> _Information provided_
=====

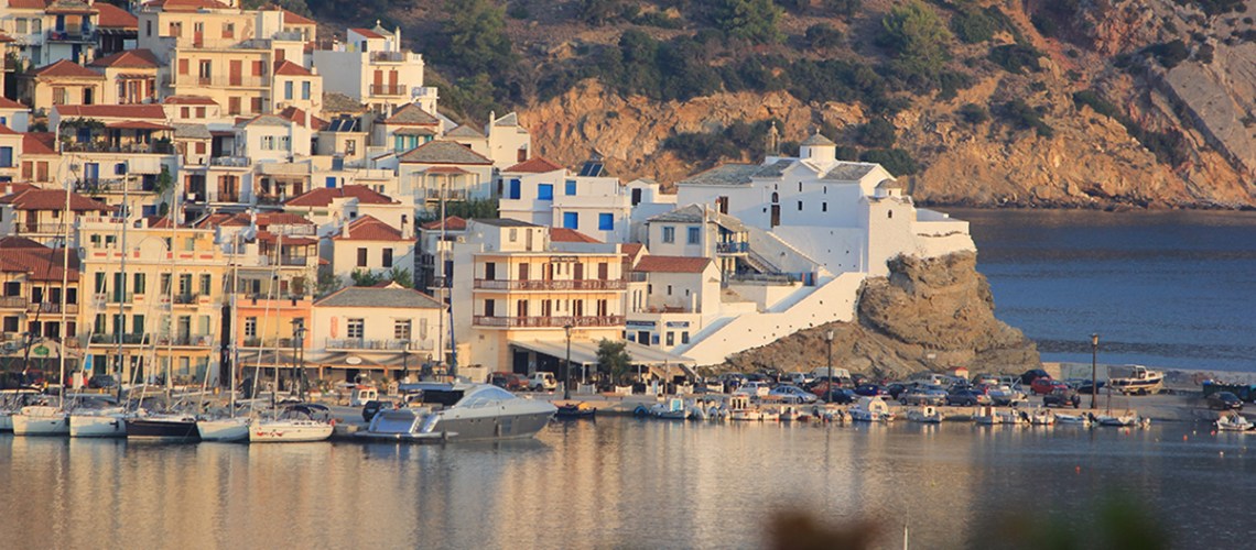 Gedurende de zomer rijden er bussen een uursdienst en maken bij alle stranden stops. De mooiste stranden zijn Stafilos, Agnondas, Limonari, Panormos (onze favoriet), Mili, Neo klima, Kastanibeach (voormalig Mama Mia strand) enz. Het eiland is ook zeer bekend geworden door het opnemen van de film Mama Mia met Meryl Streep en Pierce Brosnan. Een bezoek aan de Mama Mia rock kan niet uitblijven en is een must. Zeker het bezoek aan het beroemde kerkje.
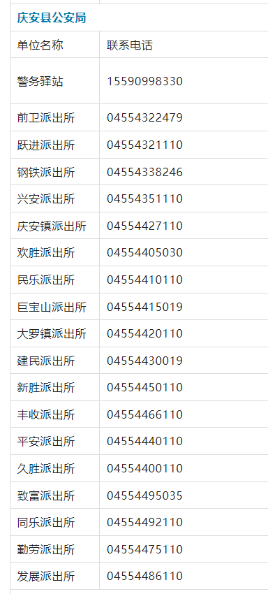 黑龙江庆安县各派出所户政窗口咨询服务电话大全表:
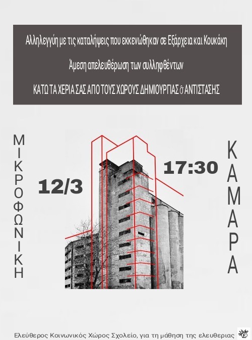 Το κράτος οξύνει την επίθεσή του απέναντι στον κόσμο του αγώνα, αποβλέποντας στην αποσυσπείρωση και αποδυνάμωση του αναρχικού/αντιεξουσιαστικού χώρου. Οι αναρχικοί όμως δεν πρόκειται να πάνε στα σπίτια τους, όσα χτυπήματα και αν δεχτούν. Γιατί απέναντι στις επιθέσεις της κυριαρχίας, η απάντησή μας είναι η αλληλεγγύη μεταξύ των καταπιεσμένων και όσων αγωνίζονται ενάντια σε κράτος και κεφάλαιο. Οι καταλήψεις είναι οργανικό κομμάτι του αγώνα. Χώροι απελευθερωμένοι από τον πανοπτικό έλεγχο του κράτους και του κεφαλαίου. Είναι χώροι όπου χτίζονται σχέσεις συντροφικότητας και αλληλεγγύης, φιλοξενώντας αυτοοργανωμένες διαδικασίες και συνελεύσεις, προεικονίζοντας την κοινωνική αυτοδιεύθυνση για την οποία αγωνιζόμαστε. Ο αγώνας όμως ούτε αρχίζει, ούτε τελειώνει στις καταλήψεις. Από τους χώρους εργασίας και τις σχολές, μέχρι τις γειτονιές και τους δρόμους, οφείλουμε να οξύνουμε την κοινωνική και ταξική σύγκρουση, με τις δυνάμεις που διαθέτουμε, έχοντας ως όπλα μας την αυτοοργάνωση, την αλληλεγγύη και το πάθος για μια κοινωνία χειραφετημένη από τα δεσμά του κράτους και του κεφαλαίου, αποδεσμευμένη από το βραχνά κάθε εξουσίας.

=====

> _Problem details_
The output should be the material above, copied exactly, without its pictures.

> _Your response_
 Gedurende de zomer rijden er bussen een uursdienst en maken bij alle stranden stops. De mooiste stranden zijn Stafilos, Agnondas, Limonari, Panormos (onze favoriet), Mili, Neo klima, Kastanibeach (voormalig Mama Mia strand) enz. Het eiland is ook zeer bekend geworden door het opnemen van de film Mama Mia met Meryl Streep en Pierce Brosnan. Een bezoek aan de Mama Mia rock kan niet uitblijven en is een must. Zeker het bezoek aan het beroemde kerkje.
 黑龙江庆安县各派出所户政窗口咨询服务电话大全表:
 Το κράτος οξύνει την επίθεσή του απέναντι στον κόσμο του αγώνα, αποβλέποντας στην αποσυσπείρωση και αποδυνάμωση του αναρχικού/αντιεξουσιαστικού χώρου. Οι αναρχικοί όμως δεν πρόκειται να πάνε στα σπίτια τους, όσα χτυπήματα και αν δεχτούν. Γιατί απέναντι στις επιθέσεις της κυριαρχίας, η απάντησή μας είναι η αλληλεγγύη μεταξύ των καταπιεσμένων και όσων αγωνίζονται ενάντια σε κράτος και κεφάλαιο. Οι καταλήψεις είναι οργανικό κομμάτι του αγώνα. Χώροι απελευθερωμένοι από τον πανοπτικό έλεγχο του κράτους και του κεφαλαίου. Είναι χώροι όπου χτίζονται σχέσεις συντροφικότητας και αλληλεγγύης, φιλοξενώντας αυτοοργανωμένες διαδικασίες και συνελεύσεις, προεικονίζοντας την κοινωνική αυτοδιεύθυνση για την οποία αγωνιζόμαστε. Ο αγώνας όμως ούτε αρχίζει, ούτε τελειώνει στις καταλήψεις. Από τους χώρους εργασίας και τις σχολές, μέχρι τις γειτονιές και τους δρόμους, οφείλουμε να οξύνουμε την κοινωνική και ταξική σύγκρουση, με τις δυνάμεις που διαθέτουμε, έχοντας ως όπλα μας την αυτοοργάνωση, την αλληλεγγύη και το πάθος για μια κοινωνία χειραφετημένη από τα δεσμά του κράτους και του κεφαλαίου, αποδεσμευμένη από το βραχνά κάθε εξουσίας.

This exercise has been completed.